Problem to solve
Skip pictures in the listing below; copy exactly the lines from the one with "Vaya con dios auf dem Rhein" through the one with "Bryllup på Hotel Nacional", inclusive.

Data listing
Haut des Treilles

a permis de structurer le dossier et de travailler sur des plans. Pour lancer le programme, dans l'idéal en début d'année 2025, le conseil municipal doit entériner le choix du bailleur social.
* * *
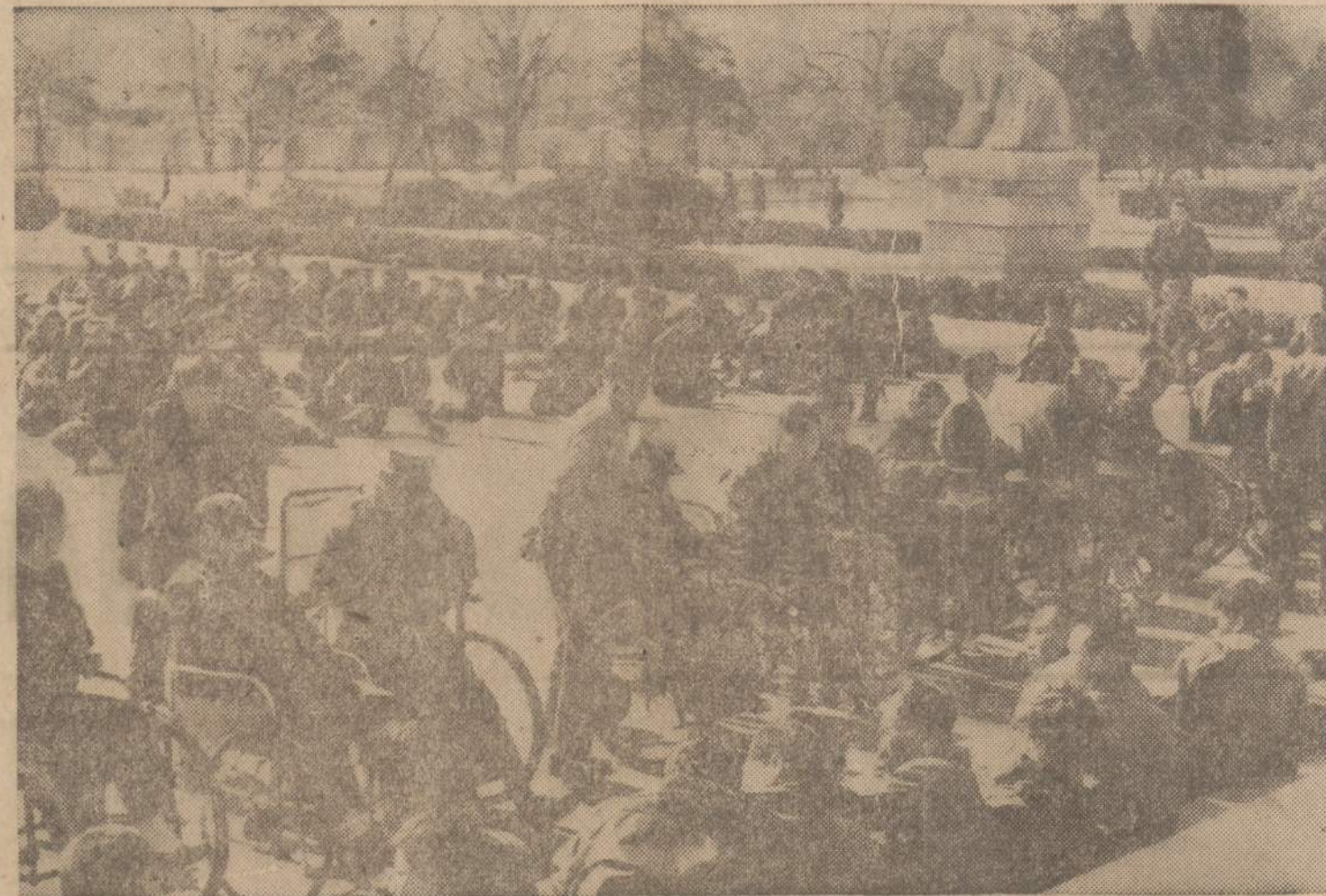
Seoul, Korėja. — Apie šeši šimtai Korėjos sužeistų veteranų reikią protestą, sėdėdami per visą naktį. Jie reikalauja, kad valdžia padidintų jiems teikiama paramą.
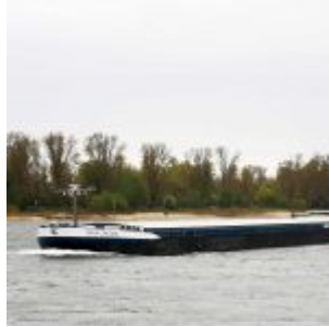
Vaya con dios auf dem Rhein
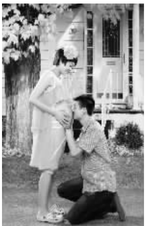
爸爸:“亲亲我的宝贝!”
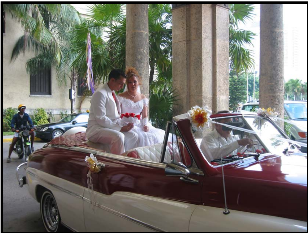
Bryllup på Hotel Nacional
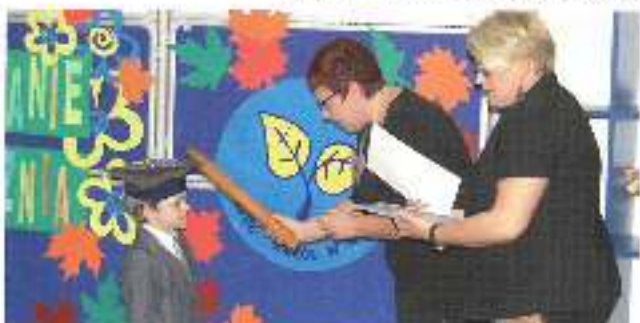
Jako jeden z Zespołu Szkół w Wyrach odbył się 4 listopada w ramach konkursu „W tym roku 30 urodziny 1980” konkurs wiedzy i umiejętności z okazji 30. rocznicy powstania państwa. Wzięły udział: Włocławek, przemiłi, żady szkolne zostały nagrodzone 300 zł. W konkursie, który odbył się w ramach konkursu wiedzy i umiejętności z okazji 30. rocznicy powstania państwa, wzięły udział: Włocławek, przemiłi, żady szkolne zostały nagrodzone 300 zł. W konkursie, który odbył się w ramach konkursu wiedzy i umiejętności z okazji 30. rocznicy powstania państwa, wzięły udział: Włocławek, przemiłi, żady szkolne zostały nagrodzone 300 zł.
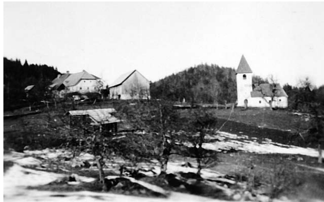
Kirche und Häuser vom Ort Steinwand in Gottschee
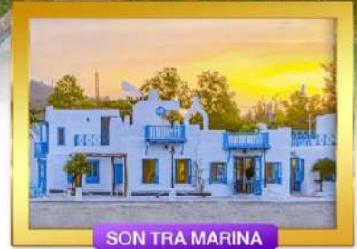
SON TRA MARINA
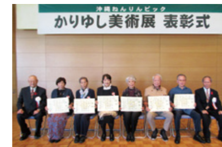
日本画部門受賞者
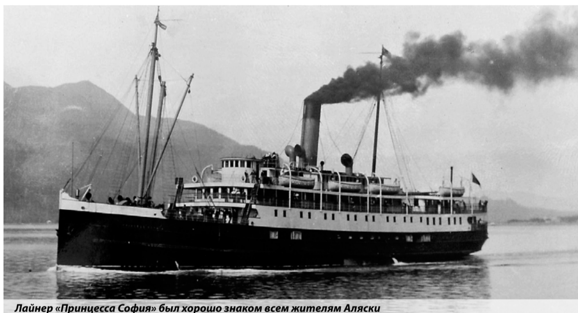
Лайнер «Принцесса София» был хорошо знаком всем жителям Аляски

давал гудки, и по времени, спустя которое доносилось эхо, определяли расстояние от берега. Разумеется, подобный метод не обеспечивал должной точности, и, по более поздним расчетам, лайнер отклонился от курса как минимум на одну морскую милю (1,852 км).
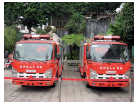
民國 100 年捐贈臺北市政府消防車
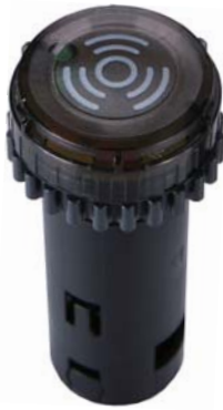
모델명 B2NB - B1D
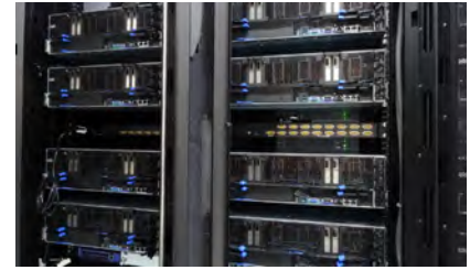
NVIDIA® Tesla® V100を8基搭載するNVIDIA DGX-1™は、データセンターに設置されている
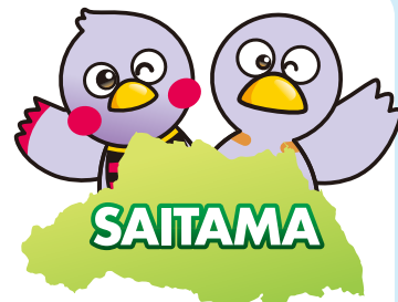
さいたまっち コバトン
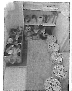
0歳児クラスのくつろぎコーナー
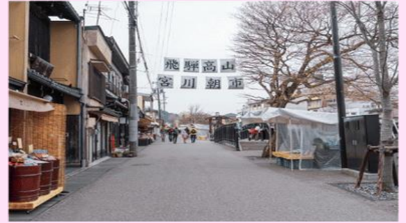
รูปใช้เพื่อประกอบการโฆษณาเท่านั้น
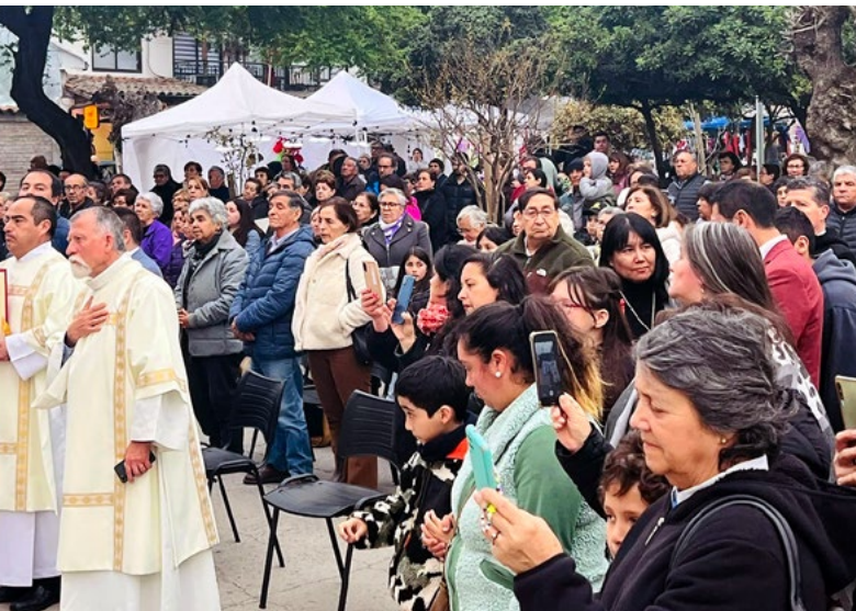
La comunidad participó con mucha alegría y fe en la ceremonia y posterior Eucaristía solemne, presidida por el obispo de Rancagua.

Answer for this exercise
Vaya con dios auf dem Rhein
爸爸:“亲亲我的宝贝!”
Bryllup på Hotel Nacional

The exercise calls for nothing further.